文摘

中风是十大死亡原因的童年。超过一半的幸存的孩子们长期的神经后遗症。缺血性中风(是)包括动脉缺血性中风和脑静脉血栓形成静脉梗塞。出血性中风(HS)包括颅内血肿或蛛网膜下腔出血。中风的危险因素在儿童和成人是不同的。10 - 30%的不确定的风险因素。然而,多个风险因素识别的大多数儿童中风;因此,一个全面的诊断评估是至关重要的。血管异常,如动静脉畸形、动脉瘤、血管解剖,狭窄,和烟雾病,常常是和海关,导致高复发率。血管内和手术治疗方法有时表示,专家意见的基础上,推断从成人的过程。 In the present paper, we review the recent literature and we discuss the treatment in five cases managed at our institutions.

1。介绍

年轻人口中风往往是低估导致神经障碍可能与不同目的和多个治疗方案。全面了解疾病的病理生理学、自然历史和可能的不同的治疗方法包括医疗或手术方法,代表了一种必要的工具以获得一个提示,正确诊断和成功的复苏。此外,儿科中风的诊断更为困难,由于有限的表达和解释技能的症状与成年人相比。

中风是十大死因之一在童年每100000儿童发病率的2 - 13。一半以上的中风幸存的儿童有长期的神经后遗症1]。

缺血性中风是指动脉缺血性中风(AIS)和脑静脉血栓形成(CVT)导致静脉梗塞。出血性中风(HS)包括颅内出血和nontraumatic蛛网膜下腔出血。将近一半的儿科是出血性中风2]。

有中风的发病率在儿童时期的差异,发病率的3/100,000岁以下的1年(甚至当新生儿围产期中风,这是已知的发病率特别高,排除在外),0.7/100000的5 - 9年。另一个峰值发病率在男性青少年可能是由于荷尔蒙因素(3]。

童年中风的危险因素是明显不同于那些成年人,包括年轻人。童年中风没有风险因素识别代表10 - 30%的病例(3]。

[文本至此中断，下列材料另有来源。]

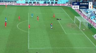 08月16日讯 中超第21轮,山东泰山3-1战胜深圳新鹏城。比赛中泰山门将于金永的一次失误,险些送给对方一粒进球。比赛第85分钟,于金永在禁区内将皮球放下后又重新抱起,二次触球违例送给新鹏城一个间接任意球,蒂亚戈-列昂索的打门被挡出底线。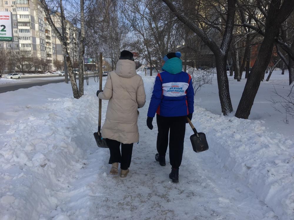 Поддержали намерение студентов и активисты ТОС Красноармейского микрорайона. Дружинники и активные жители освободили от снега участки улицы Крупской. Их примеру последовали общественники ТОС Локомотивного и Матросовского микрорайонов: вчера ими были очищены пешеходные дорожки по проспекту Коммунаров и улице Советской Армии. А жители ТОС Петровского микрорайона приступили к работам по устранению наледи и обработке песком территорию в районе домов 232 и 234 по улице Северо-Западной.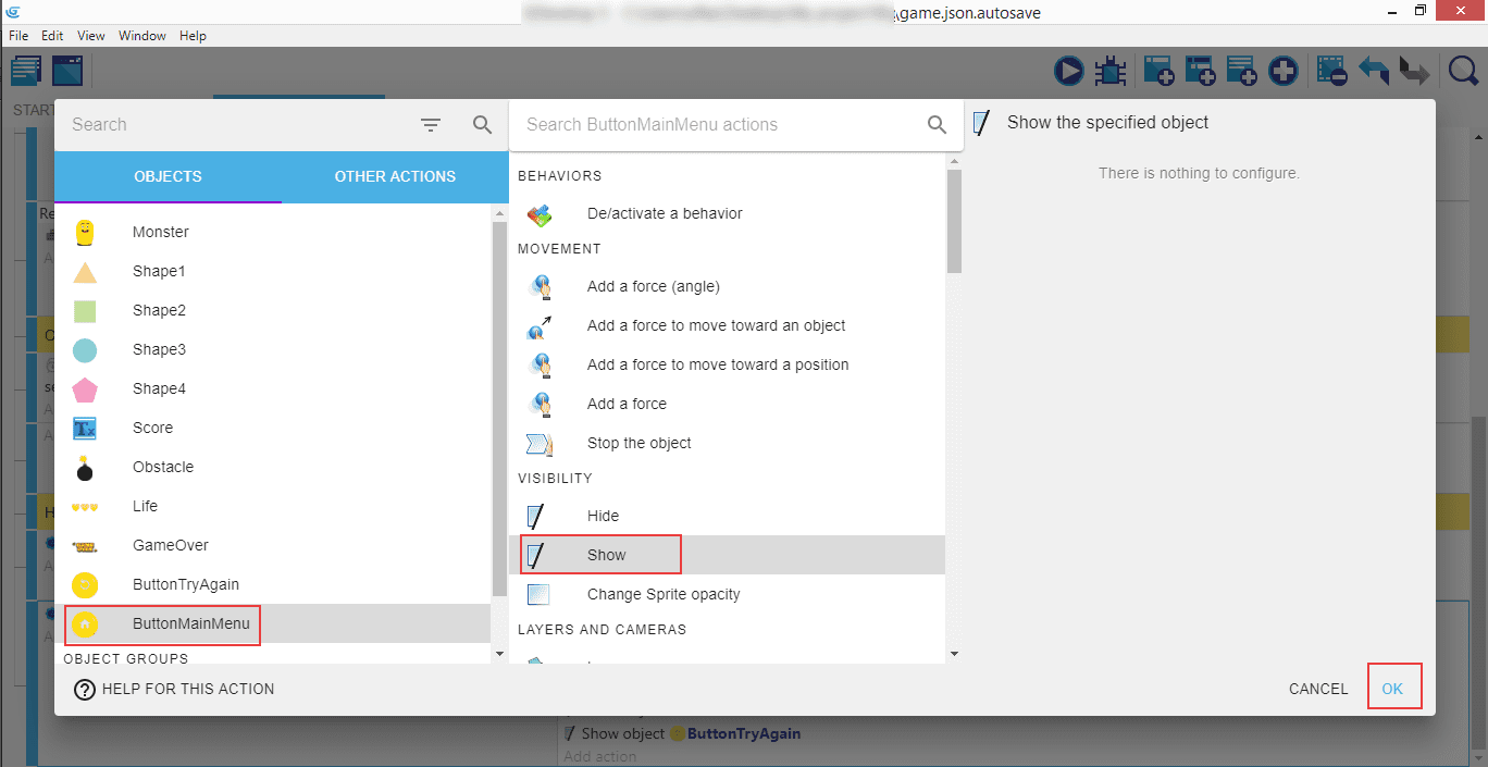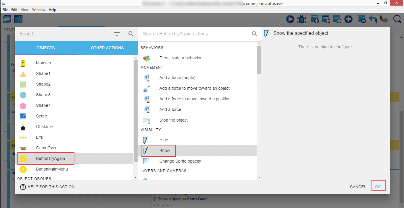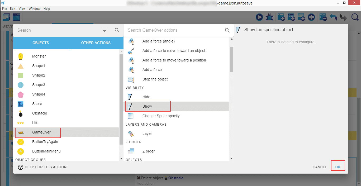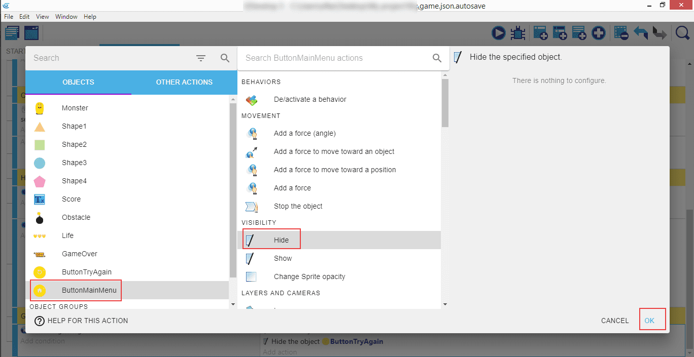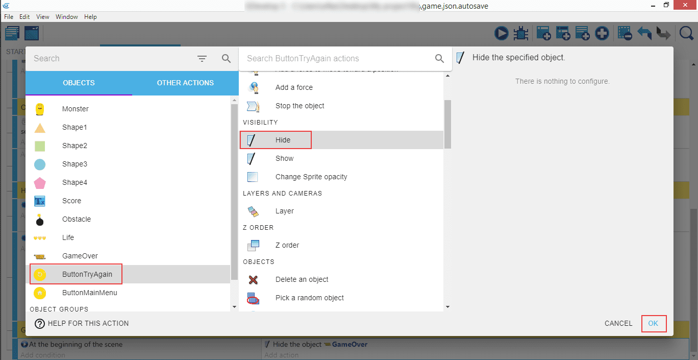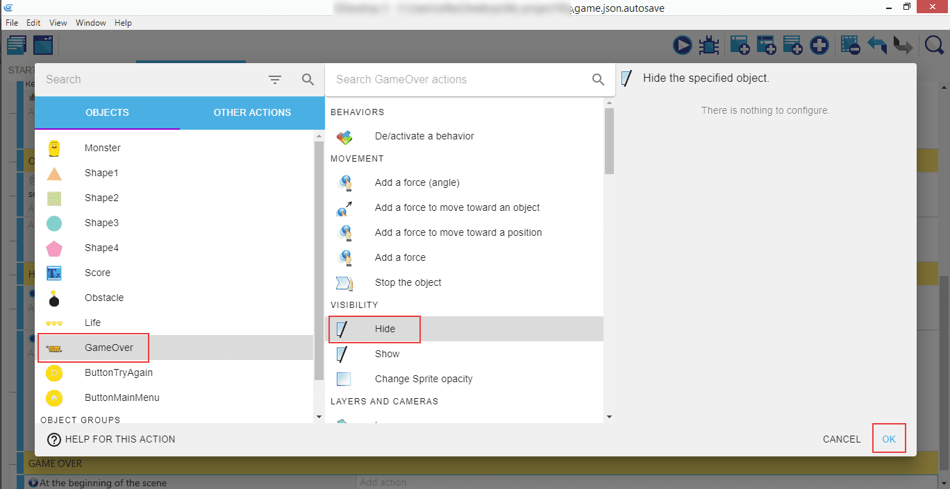 Créez ensuite une action où Hide (Masquer) est appliqué à l'objet GameOver.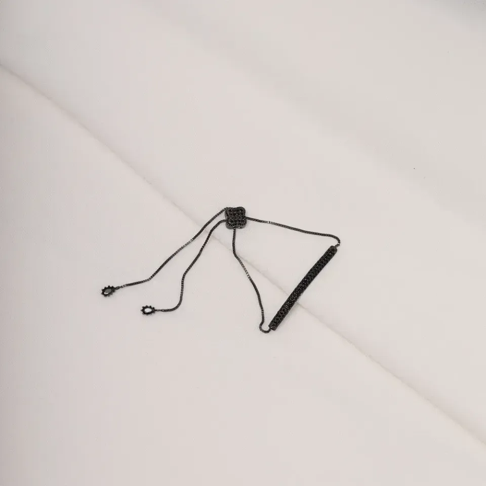 PULSEIRA COM ZIRCÔNIAS NEGRAS FECHO GRAVATINHA BANHO RÓDIO NEGRO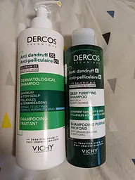 Шампунь Vichy Dercos можу рекомендувати, якщо потрібно прибрати лупу але шкіра голови жирніє навіть трохи більше ніж зі звичайним шампунем. Користуюсь ним майже 3 місяці, два рази на тиждень комбіную з шампунем-скрабом цієї ж фірми. З переваг зазначу, що лупа майже повнітю прибралась, декілька лусочок помічаю коли розчісую але не критично. Він не агресивний, довжину не пересушив. Колір жовтий, дуже схожий на Сульсену, але рідший і немає специфічного запаху. З мінусів те, що волосся потрібно мити кожен день, бо швидко жирніє. Раніше могла мити через день зі звичайним шампунем.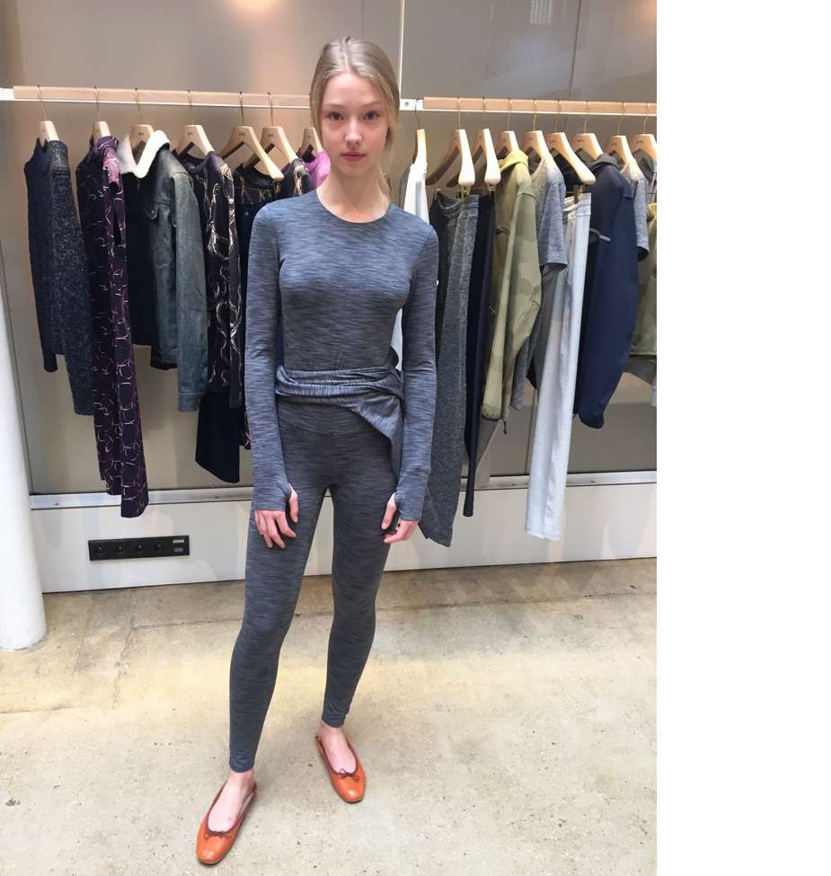 Après une présentation à New-York, la collection A.P.C. and Outdoor Voices, label américain de vêtements de sport, c’est à Paris de découvrir le gris chiné du tissu technique.
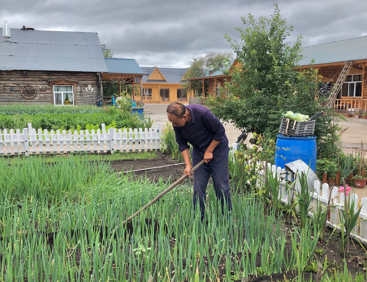 男主人儿子的岳父在自家的“家庭游”里劳作。俄罗斯族最常见菜肴有熏烤类、蔬菜类、汤类和腌菜。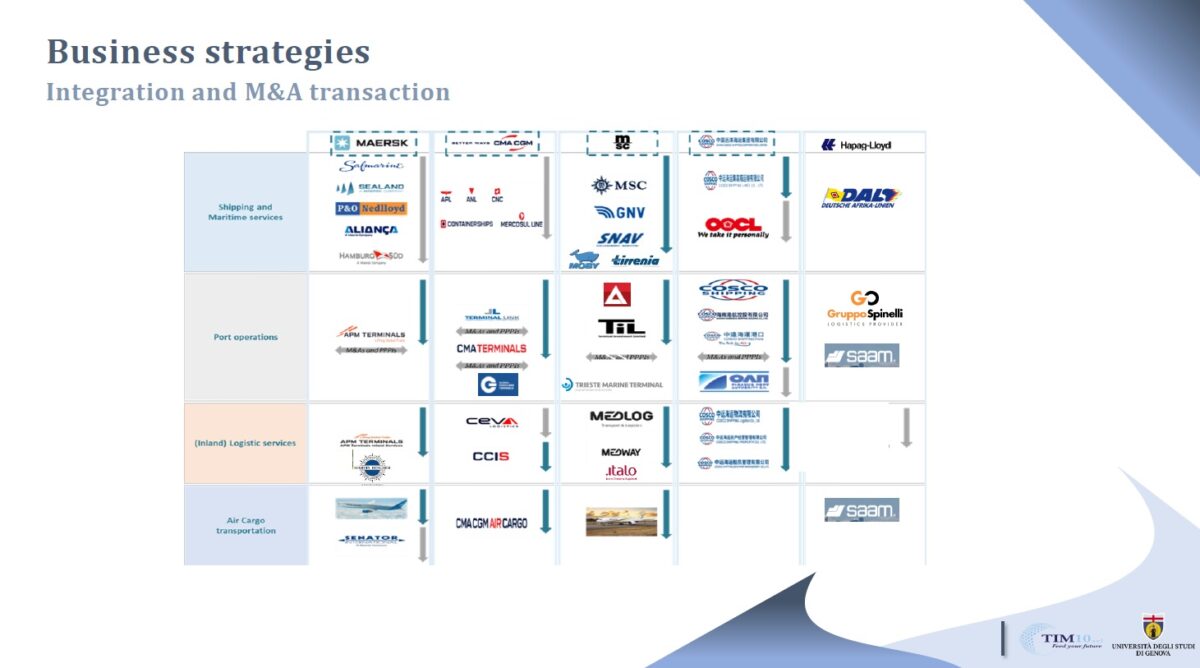 Considerando le attuali condizioni della domanda e dell’offerta di trasporto di container via mare, è plausibile ipotizzare che l’evoluzione futura del settore sarà influenzata in modo significativo dal perseguimento da parte dei carrier nazionali e internazionali di strategie a livello business e corporate che consentano un allineamento del sistema d’offerta alle mutate richieste provenienti dai caricatori, ovvero:

在接下来的段落我们试图给出一个示意图表示的主要风险因素为动脉,静脉,和出血性中风,中风的结果,概述和复发率。在评估这个复杂的病理,它总是重要的考虑,同样的风险因素可以决定所有的三种不同的情况下,多种因素可以结合彼此相同的情况。

2。风险因素

2.1。动脉缺血性中风(AIS)
2.1.1。动脉病

在童年AIS,异常的脑循环(包括颅内和颈椎)已报告在高达80%的情况下(3]。最常发现的动脉病称为瞬态脑动脉病(TCA)或局灶性脑动脉病的童年(FCA),定义为血管狭窄不归类为解剖,性烟雾,镰状细胞动脉病(SCA), postvaricella动脉病、血管炎或其他特定的诊断。柠檬酸或FCA代表一个单相瞬时动脉病影响大型或中型船只,在后续成像梗塞后几个月,一般显示回归或nonprogression。看来,很多情况下的葬礼有传染病后动脉病机制,特别是最近上呼吸道感染(3]。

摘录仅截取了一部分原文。